Assignment:
Repeat each line of the data below exactly, but skip the pictures.

Data excerpt:
* * *
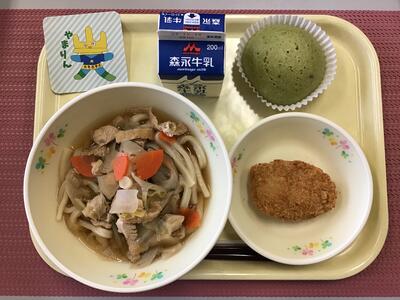 けんちんうどん、牛乳、まぐろカツ、山元町産桑の葉入り蒸しパン
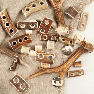 Jedes Hirschhorn-Element wird einzeln von Hand verarbeitet: zugeschnitten, gebohrt, gefräst und sorgfältig geglättet – bis es perfekt zu deinem Unikat passt. Als Zugstopp, Stopper oder Designelement wird es so zu einem hochwertigen Detail, das jedes Stück sichtbar veredelt.
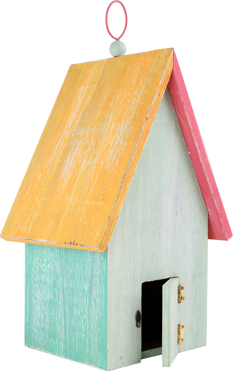 All the members of a small bird family will love their new home. The "Hey sunshine" motto welcomes its new inhabitants. This bird house made of wood in attractive pastel shades has a perch for a short break from nest building and looking for food. The house is hung up by a round wire decorated with a bead. A small door at the back can be opened to clear the house out.
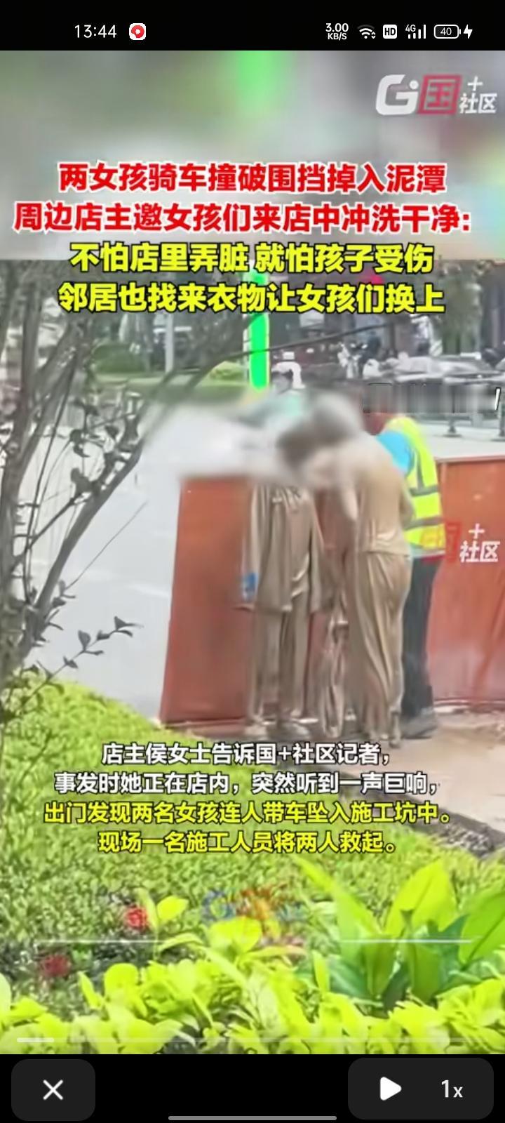 10月26日,海南五指山。两女孩骑车时撞破围挡,连人带车坠入施工坑中,现场一位施工人员将两女孩就去。周边店主见状请两女孩进店里洗澡,并称“不怕弄脏,就怕孩子受伤”,邻居也找来衣物给两女孩换上,最后两女孩被家长接走。
* * *
Response to the task:
 けんちんうどん、牛乳、まぐろカツ、山元町産桑の葉入り蒸しパン
 Jedes Hirschhorn-Element wird einzeln von Hand verarbeitet: zugeschnitten, gebohrt, gefräst und sorgfältig geglättet – bis es perfekt zu deinem Unikat passt. Als Zugstopp, Stopper oder Designelement wird es so zu einem hochwertigen Detail, das jedes Stück sichtbar veredelt.
 All the members of a small bird family will love their new home. The "Hey sunshine" motto welcomes its new inhabitants. This bird house made of wood in attractive pastel shades has a perch for a short break from nest building and looking for food. The house is hung up by a round wire decorated with a bead. A small door at the back can be opened to clear the house out.
 10月26日,海南五指山。两女孩骑车时撞破围挡,连人带车坠入施工坑中,现场一位施工人员将两女孩就去。周边店主见状请两女孩进店里洗澡,并称“不怕弄脏,就怕孩子受伤”,邻居也找来衣物给两女孩换上,最后两女孩被家长接走。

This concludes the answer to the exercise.